→ **The problem**
What is needed is the exact text of each line in the listing below from the one with "Centipede from northern" up to and including the one with "Caricature of William", and no pictures.

→ **Source material**
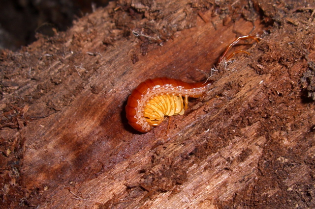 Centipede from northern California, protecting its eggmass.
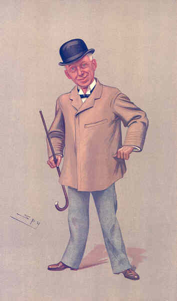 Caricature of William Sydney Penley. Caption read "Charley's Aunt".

---

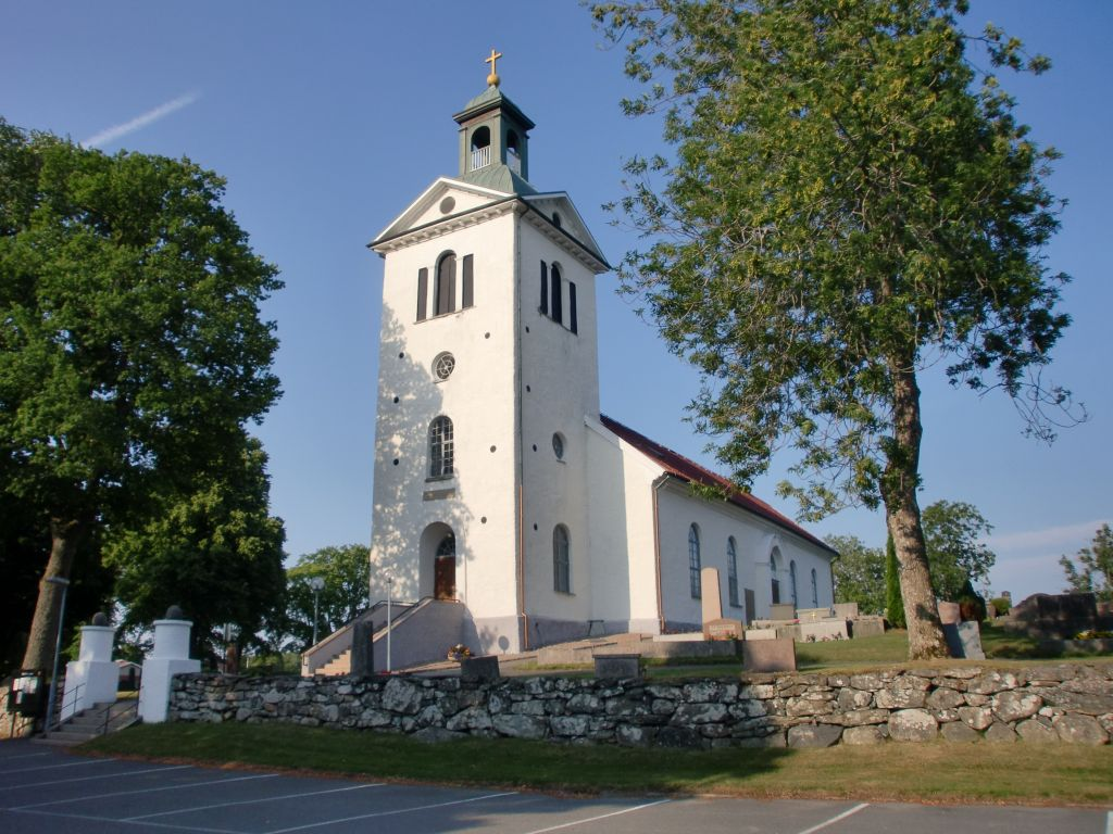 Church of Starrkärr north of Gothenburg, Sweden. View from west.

→ **Answer section**
 Centipede from northern California, protecting its eggmass.
 Caricature of William Sydney Penley. Caption read "Charley's Aunt".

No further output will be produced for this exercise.